Stoat
We have seen a stoat in the garden over the last three weeks. We had some fabulous views of stoats last year when some took up residence and so this seemed like a good time to put all those together.
Stoats are widespread in Britain and Ireland. Weasels look similar but are much smaller and don't have the black tip to the tail. Just to confuse you further in Ireland they call stoats weasels and they don't have what we call weasels! My mother used to think it was hilarious when she said that "weasels are weasily distinguished from stoats which are stoatally different"!
I have some footage below of a stoat in our garden doing it's funny dance. Some people allege that they are dancing in order to mesmerise their prey. I have seen this activity many times and it was never followed by a kill. I am much more convinced by the view that this activity is a sort of fit induced by a parasitic infection of the brain.
We were fortunate last year that the female stoat decided to create a den in a dry stone wall that is visible from the house. She gave birth in this den and then one day moved her 6? babies to another den and I was fortunate to get photographs of this. Apparently stoats often move dens either because they are disturbed or because the den has become fetid and overrun with parasites (they store their dead prey in the den).
Later we saw the adult female dragging dead rabbits to feed her babies in another den.

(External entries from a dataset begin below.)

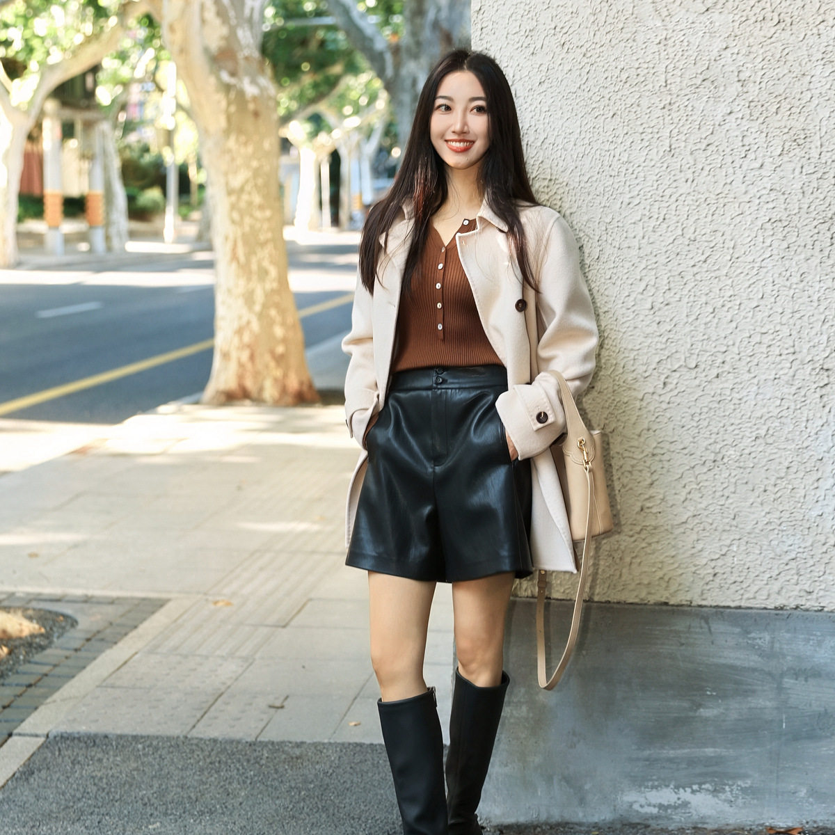EP雅莹25新款 100%山羊绒米白色廓形呢外套8211A 阿拉善羊绒大衣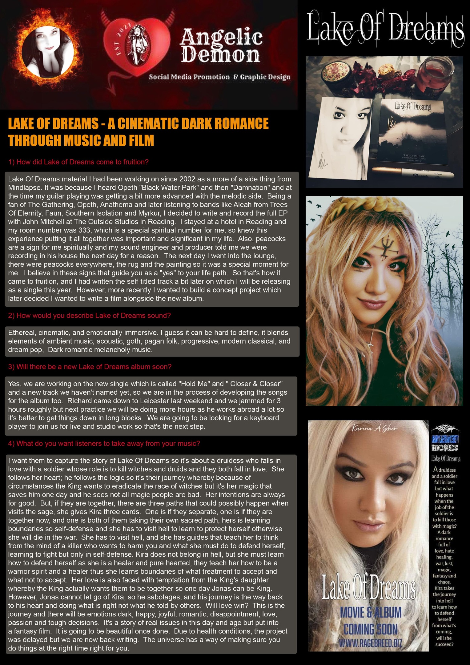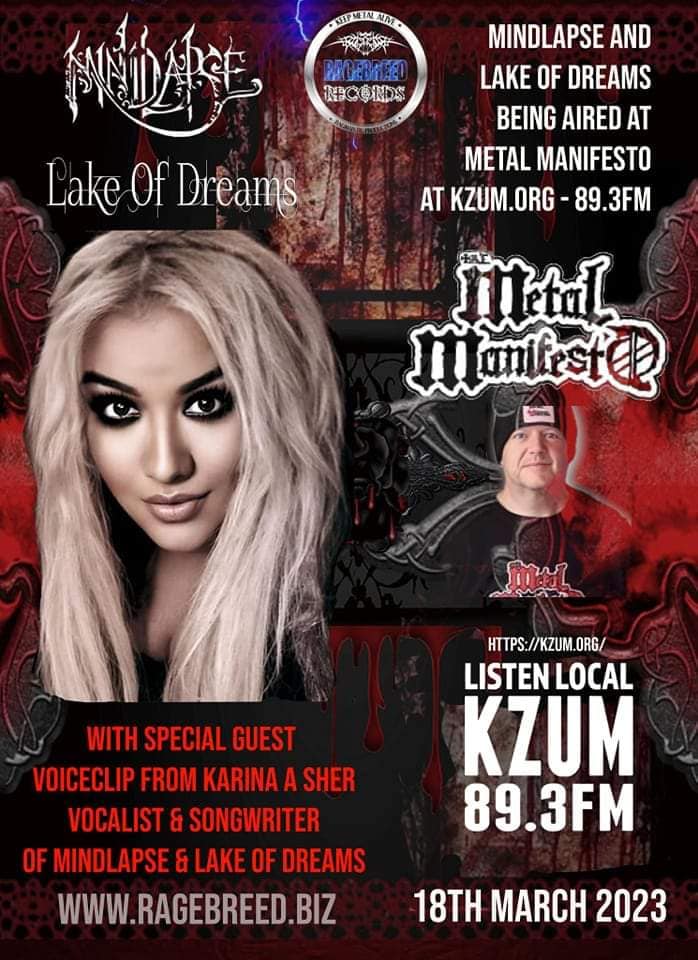 "Please be informed that earlier this year, Richard Chappell was part of the band. Unfortunately, he is currently dealing with a hand condition that prevents him from performing on stage or in the studio with Lake Of Dreams. His health is our top priority. As a result, John Mitchell has stepped in to play the instruments and will be collaborating with me on the recording of the singles and album. We anticipate that the material will be fully film-ready for both Lake Of Dreams and Mindlapse's singles and albums by the end of the year. All upcoming releases will be distributed through Ragebreed Records and Earache Digital Distribution." - Karina Sher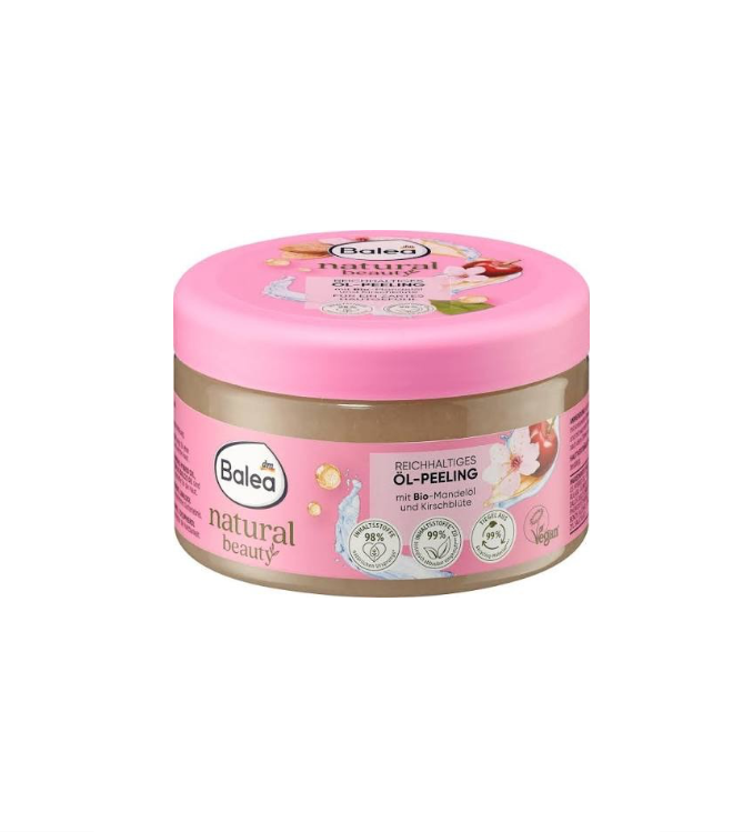 Le Natural Beauty Peeling de Balea est un gommage à l’huile riche avec de l’huile d’amande bio et de la fleur de cerisier.

Some weeks later the female moved again and we saw her carrying her much bigger babies .
We did once catch a glimpse of the adult male who is much bigger than the female. It doesn't do to get all anthropomorphic about it but the male mates with the female just after she has given birth to her young ( there is then delayed implantation) and he mates with the young female stoats before they have even opened their eyes. As a result nearly every female stoat is almost always pregnant. A good survival strategy for the species.
Stoats in colder climes go white in winter. We have never seen ours go white but a near neighbour a couple of miles away has seen white stoats. Perhaps the fact that his land backs onto the higher hills would account for that.
Diary Notes.
I made a short trip further afield yesterday to Tarn Site nature reserve. I saw a little egret , a kestrel and about a dozen widgeon. Little egrets were very rare birds when I was a boy but they have been spreading further North each year and we have seen them regularly over the last 5 years.
Last nights camera traps revealed nothing but rabbits. Its much milder today - nearly 10 degrees C.